Skip to content

BigFleet scale-test runbook

How to run a BigFleet scale test against any Kubernetes cluster — kind on a laptop, your homelab, GKE Autopilot, EKS spot.

The harness is self-contained: one Helm chart deploys the BigFleet system-under-test and N simulated clusters, each as a Pod that bundles its own apiserver (KWOK), the BigFleet operator, and a load-driver. One runner CLI orchestrates: install → wait for steady state → soak → snapshot Prometheus → emit summary → tear down.

TL;DR

Terminal window
# Build the two images. (One-time, or on every BigFleet code change.)
make scaletest-images
# Side-load into kind (for local runs); push to your registry otherwise.
kind load docker-image bigfleet:dev bigfleet-scaletest:dev
# Run the smallest profile.
go run ./test/scaletest/cmd/scaletest-runner \
--profile=test/scaletest/profiles/dev-5k.yaml \
--duration=2m \
--output=./test/scaletest/results/$(date +%Y%m%d-%H%M%S)-dev-5k/

The runner prints scale and cost upfront, prompts before any paid run, and tears down on Ctrl-C.

Profiles

ProfileKWOK clustersCRs/clusterTotalBest targetCost / run
dev-5k51K5Klaptop kind$0
local-50k501K50KM5 Max kind$0
homelab-500k5001K500Khomelab$0
cloud-5m5,0001K5MEKS spot~$35–40
thundering-herd1005K burst500K peakhomelab$0
failover-soak501K50KM5 Max / homelab$0

Cost numbers assume AWS spot c6i.4xlarge × the resources declared in each profile’s costEstimate block. Homelab and laptop runs are free (amortised power not counted).

Picking a target

Resource budget rule: (cluster total RAM in GB) × 5 = max KWOK pod count. A 64 GB target fits ~300 pods comfortably. The runner’s confirmation prompt shows the estimated cost based on your selected profile’s costEstimate.awsSpotUsdPerHour × duration; you can override duration with --duration= and skip the prompt with --yes.

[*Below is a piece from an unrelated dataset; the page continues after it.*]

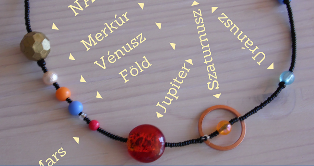 Tanuljuk csajosan a bolygókat! Az egész ott kezdődött, hogy 4. osztályos lánykámmal környezetismeretet tanultunk. Persze a bolygókról, mert ugye egy alsósnak már csak nem árt tudni a hasnyálmirigyről (harmadikos tananyag), és a Naprendszerről sem. Ez persze már egy másik bejegyzés témája lehetne, hogy szerintem a mostani környezetismeret tananyag nem alsósoknak való, felesleges ennyi elvont fogalmat, definíciót, adatot a fejükbe tölteni, elég lenne, ha sok-sok kísérlettel, sétával, növények ültetésével, szóval megannyi tapasztalattal megalapoznák az élővilág, környezet és felfedezésének szeretetét. Ehhez járul még az is, hogy 10 éves lánykám erősen kiskamaszodik, (bár, mint a múlt környezet tananyagból kiderült, ő még csak gyerekkorban van, olyan, hogy kiskamasz nincs), amit leginkább onnan lehet tudni, hogy naphosszat a plafont bámulja, és a legtöbb dolog szerinte hülyeség. A bolygók is. Ráadásul utálja is, és kész. De hát amit meg kell tanulni, azt meg kell, így kis szünetet hagytam neki, hogy ismét nyugodtan bámulhassa a plafont, és magamnak is, hogy megpróbáljam menővé alakítani a bolygókat. 🙂 Így jött az ötlet, fűzzünk nyakláncot a bolygókból! Elárulom, az ötlet bevált, így lelkesen kerestük a különböző színű, és méretű gyöngyöket. Szerencsére, elég sokat fűztünk még az oviban, így volt miből válogatni: az űr fekete kásagyöngyből, a bolygók színes gyöngyökből készültek. A Napot egy üveggyöngyből készítettük, amit arany színűre festettünk, a Marsot is festenünk kellett: egy rózsaszín gyöngyöt varázsoltunk vörössé. Az egyetlen gondot a Szaturnusz gyűrűje jelentette, amivel momentán nem rendelkeztünk. Így apa kapta meg a feladatot, a porból és jégből álló gyűrű beszerzését. Szerencsére ezt remekül megoldotta, így lett az 1 colos réz tömítőgyűrűből a Szaturnusz gyűrűje. És néhány érdekesség, hogy még menőbbek legyenek azok a bolygók! Ma a Naprendszerünkben 8 bolygót és 5 törpebolygót ismerünk (a Plútó 2006-tól már csak törpebolygónak számít).: Merkúr, Vénusz, Föld, Mars, Ceres, Jupiter, Szaturnusz, Uránusz, Neptunusz, Plútó, Haumea, Makemake, Eris Merkúr: A Naphoz a legközelebbi bolygó, ezért nagyon forró, a nappali 430 fok napernyővel is elviselhetetlen lenne, míg az éjszaka -170 fokban csonttá fagynánk. Vénusz: Esthajnal csillagként is ismerjük, bár nem csillag. Régi korokban nagy segítség volt a hajósoknak a tájékozódásban. Mars: egy marsi nap 4 óra 39 perc és 35 másodperc. Na, akkor ebből hány órát kellene a suliba járni? Mekkorát ugranék a Marson? Ha otthon fél métert tudsz ugrani, a Marson 132 cm magasra is ugorhatnál, aminek oka, hogy a Marson sokkal kisebb a gravitáció. Jupiter: A legnagyobb tömegű és méretű bolygónk. Szaturnusz: Ismertetőjele a hatalmas gyűrűrendszere. A gyűrűk porból, és jégből állnak. Uránusz: Itt 42 évig van nappal, majd ismét 42 évig éjszaka. Neptunusz: Kék színét a metánnak köszönheti. A kiskamasz, aki a nyakába vette a világot! 🙂 Szép napot! A bejegyzés saját képeket tartalmaz. Ha tetszett a bejegyzés, megköszönöm, ha megosztod másokkal is. Köszönöm, hogy meglátogattál, térj be máskor is, érdekes inspirációkkal, egyszerű receptekkel, könnyen kivitelezhető ötletekkel várlak. ♡ A blog Facebook oldalához ide kattintva csatlakozhatsz.

TargetWhat works thereWhat it costs
Laptop kinddev-5k, failover-soak$0
M5 Max kinddev-5k, local-50k, failover-soak$0
Homelab k3s/Talosup to homelab-500k, thundering-herd$0
Scaleway Kapsulescaleway-50k baseline, up to homelab-500k~ $0.15/run for 50K, ~ $25/hr for cloud-5m equivalent
GKE Autopilotup to homelab-500k (cost ~ Standard tier)~ $1.50/vCPU-hr
EKS spotevery profile incl. cloud-5m~ $0.20–0.30/vCPU-hr

Scaleway Kapsule is the cheapest cloud option that’s still a real Kubernetes cluster: free control plane on the Essential tier, per-second billing, ~$0.055/vCPU-hr on PRO2 instances. The scaleway-50k profile is sized for one PRO2-M node (16 vCPU / 64 GB / €0.21/hr); see the profile YAML for the scw CLI commands to provision and tear down a cluster.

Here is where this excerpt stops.